William Gallagher earned his first camera while in high school by selling magazines. He began his professional photography career with the Sporting Digest in Flint in 1946. The following year he moved to the Flint Journal and within a few months became a staff photographer, a position he would hold until his death.
William Gallagher died of meningitis at age 52.
William Gallagher snapped his Pulitzer-winning photo at a Labor Day rally in Flint Park. Democratic presidential candidate Adlai Stevenson was seated on a platform with Michigan Governor G. Mennen Williams. William Gallagher, kneeling at the base of the platform, took a photo of Stevenson seated with his legs crossed, which revealed a hole in the bottom of his right shoe. Because of Gallagher's position, he had to take this photo without looking through the shutter first. He didn't take the photo seriously and didn't think the Journal would publish it since they endorsed Stevenson's Republican opponent Dwight D. Eisenhower, so he gave it to his editor saying "I just finished this for the hell of it. I don't suppose a Republican paper would want to use it." However, the Journal ran the photo on the front page.
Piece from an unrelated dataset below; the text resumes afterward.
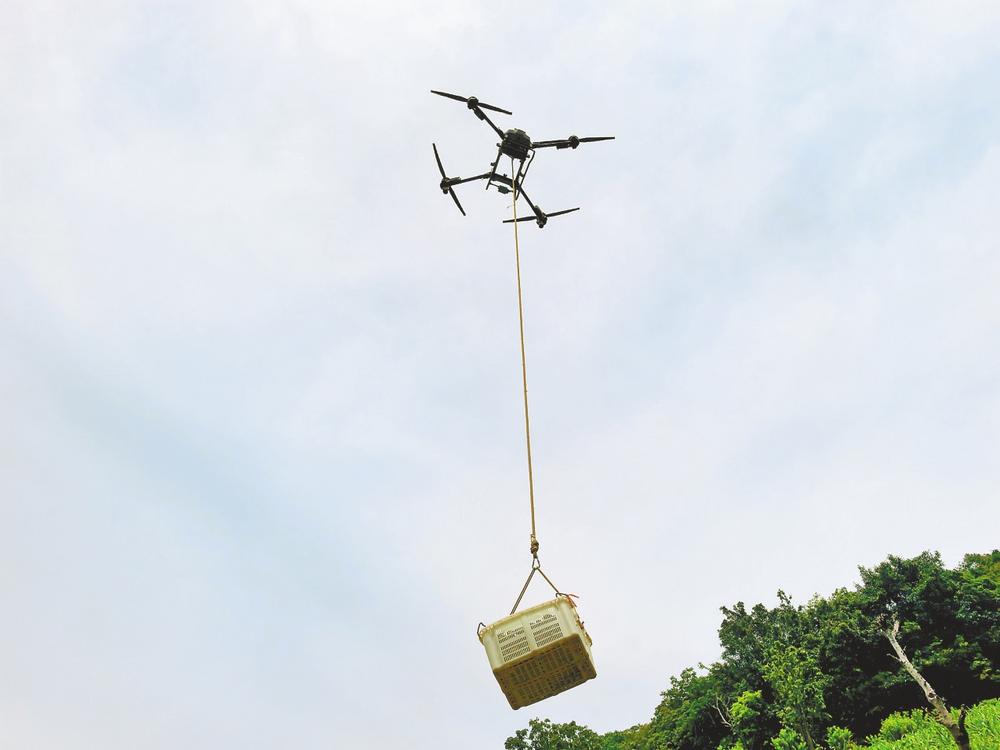 无人机吊运芒果。

The New York Times wrote that Gallagher's photo was "one of the outstanding pictures of the campaign", perhaps because it contrasted with Stevenson's serious, patrician image. Stevenson was sent an "avalanche" of shoes by people who saw the imageand when Gallagher won the Pulitzer Stevenson sent him a telegram reading "Glad to hear you won with a hole in one."
Gallagher's colleagues described him as "a boisterous, flamboyant character" who had good relationships with local police and government officials. He was fond of pranks, once lighting a cherry bomb inside the police department and watching the officers scramble, while another time he commandeered a police helicopter while covering a story.